YOUR SOLIN GENERATED RECIPE
Crispy Lentil and Quinoa Power Bowl with Roasted Chickpeas
Savor a vibrant vegan power bowl featuring tender cooked lentils and fluffy quinoa as a hearty base, complemented by crunchy roasted chickpeas and crispy seitan cubes. Each bite offers a delightful mix of textures and satisfying flavors—smoky, savory, and lightly spiced—for a nourishing, clean meal perfect for an energizing lunch.
INGREDIENTS
1/2 cup cooked lentils (100g)
1/3 cup cooked quinoa (62g)
1/2 cup roasted chickpeas (82g)
100g crispy seitan
1/2 tbsp olive oil
1 tsp smoked paprika
1 tsp garlic powder
PREPARATION
Preheat your oven to 400°F.
Toss chickpeas with half a tablespoon of olive oil, smoked paprika, and garlic powder. Spread them on a baking sheet and roast in the oven for 20-25 minutes until crispy, stirring halfway through.

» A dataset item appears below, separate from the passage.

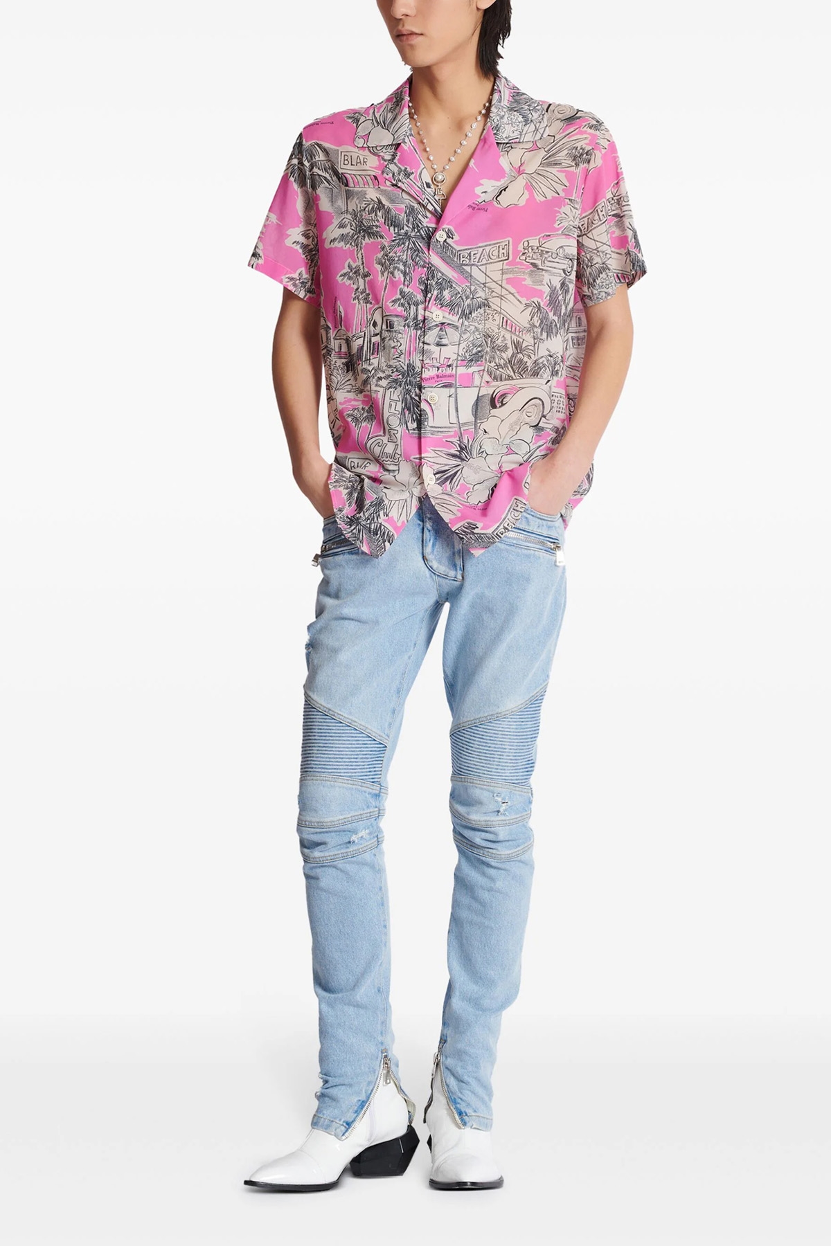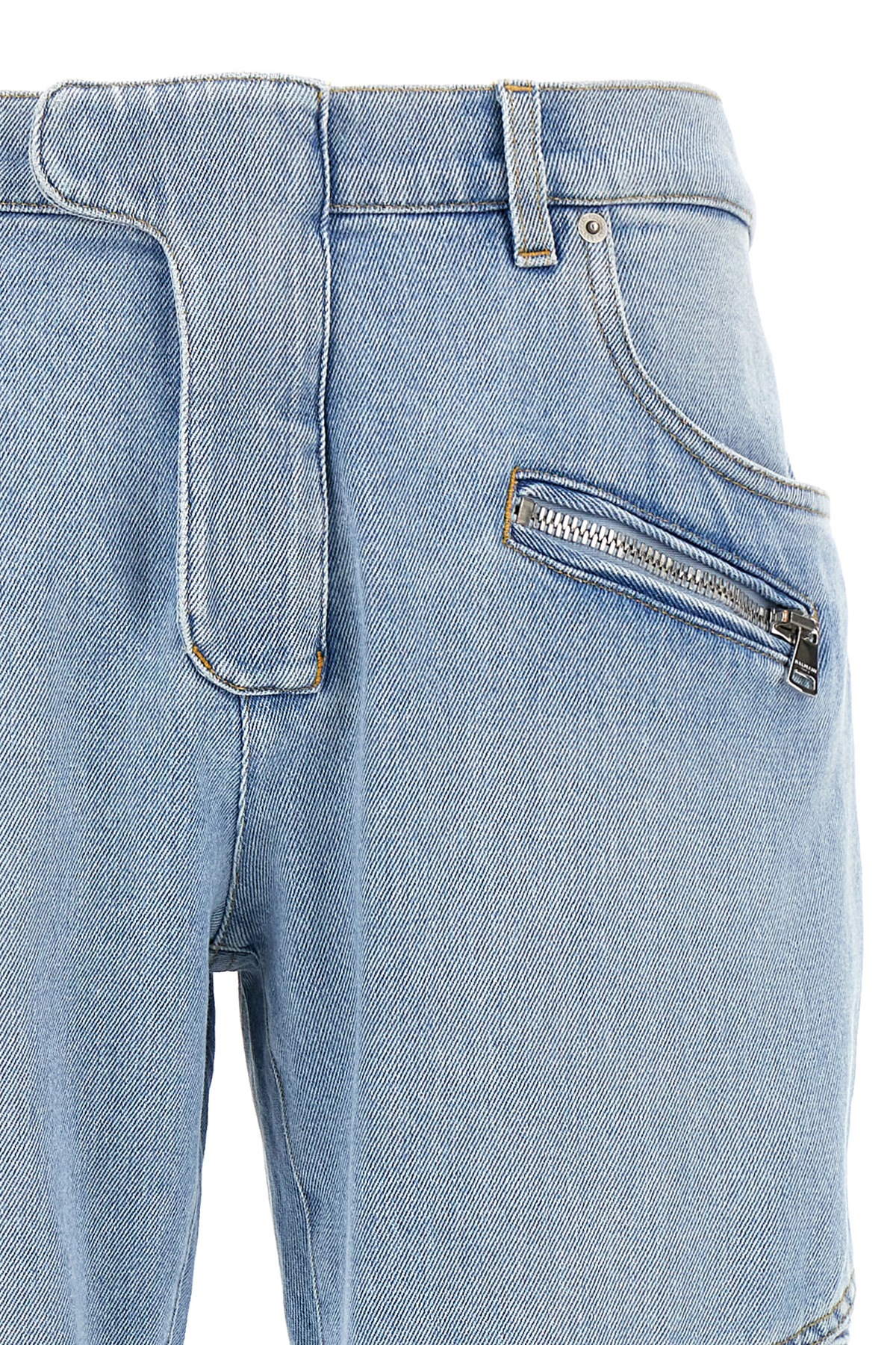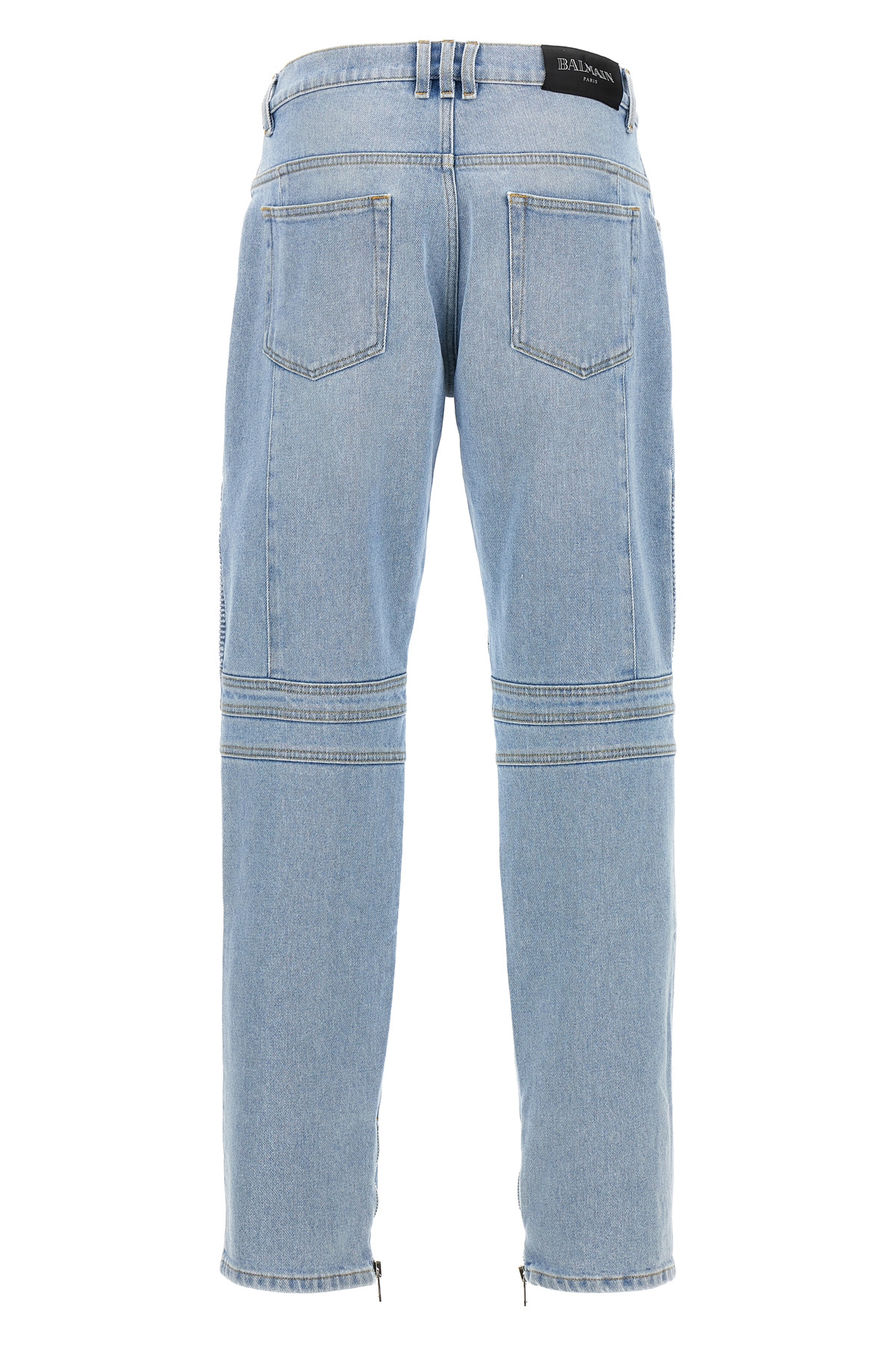'Biker' stretch cotton denim jeans with used-effect details and pleats at the knees, zip and button closure, five pockets, back logo label, zip detail on the bottom of the leg.

While the chickpeas roast, prepare the lentils and quinoa if not already cooked. Warm them gently in a pan or microwave.
Heat a non-stick skillet over medium-high heat and lightly pan-fry seitan cubes until they develop a crispy exterior.
Assemble the bowl by layering the cooked lentils and quinoa as a base.
Top with the roasted chickpeas and crispy seitan pieces.
Optionally, drizzle a tiny bit more olive oil or a squeeze of lemon for bright flavor, then serve warm.